Bahrain enjoyed another gold rush at the 19th Asian Games in Hangzhou, China, yesterday when world champion Winfred Yavi stormed to victory in the women’s 3,000m steeplechase and the 4x400 mixed relay team ran the race of their lives to claim the gold medal.
Yavi, who also won the event in the 2018 Asian Games and for whom this was her third major title in six weeks after her World Championship triumph in Budapest in late August and her victory in the Diamond League in Oregon last month, defended her title in a new Asian Games record time of 9 minutes 18.28 seconds.
This was also the second gold medal that pre-race favourite Yavi clinched inside two days after her triumph in the women’s 1,500m on Sunday.
“I had a lot of pressure with people saying ‘you’re going to win’,” the 23-year-old, Kenyan-born athlete said afterwards.
“So I was careful and just tried to break the Asian Games record.”
Meanwhile, the 4x400m mixed relay team staved off a strong challenge by Sri Lanka and India to race to the victory podium with a time of 3:14.02.

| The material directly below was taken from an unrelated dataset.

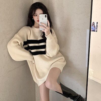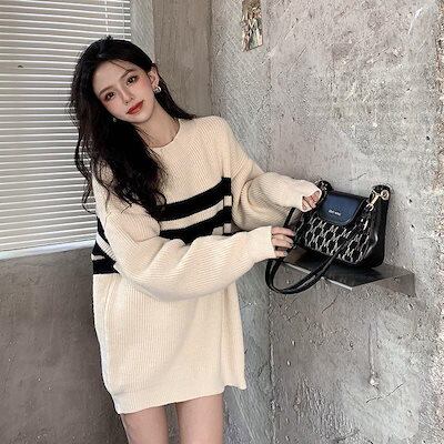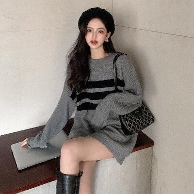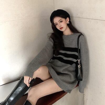 人気なリブニット ベーシックニット カシミヤタッチ 秋冬ジャケット秋冬ニットセーターレディースカジュアルゆったり体型カバーラウンドネックwwy194裹起毛 長袖トップス

Musa Ali Isah ran the first leg in 43.30s before he handed the baton to Oluwakemi Odekoya. After running the second leg in 54.10s, she passed it to Abbas Yusuf Ali and, after running the third leg in 45.68s, he, in turn, handed it to Salwa Eid Naser, who sprinted across the finish line in 50.94s.
There was high drama after the race after Sri Lanka, who had finished in second place were disqualified for a lane infringement, which meant that India, who had initially placed third, won silver with Kazakhstan receiving the bronze.
And there was redemption, also, for Naser, who had suffered the heartbreak of being disqualified for a false start in the women’s 200m final earlier.
But Bahrain still got into the medals list in that race with Nigerian-born Edidiong Odiong – who won the event in the 2018 Asian Games – nabbing the bronze with a time of 23.48s, behind gold medallist Shanti Pereira, of Singapore, who clocked 23.03s and silver medallist China’s Yuting Li, who was timed at 23.28s.
With the latest haul yesterday, Bahrain is ranked 10th on the competition medals list with six gold, one silver and four bronze medals.
Hosts China head the list with a whopping 270 medals, including 147 gold, 81 silver and 42 bronze medals.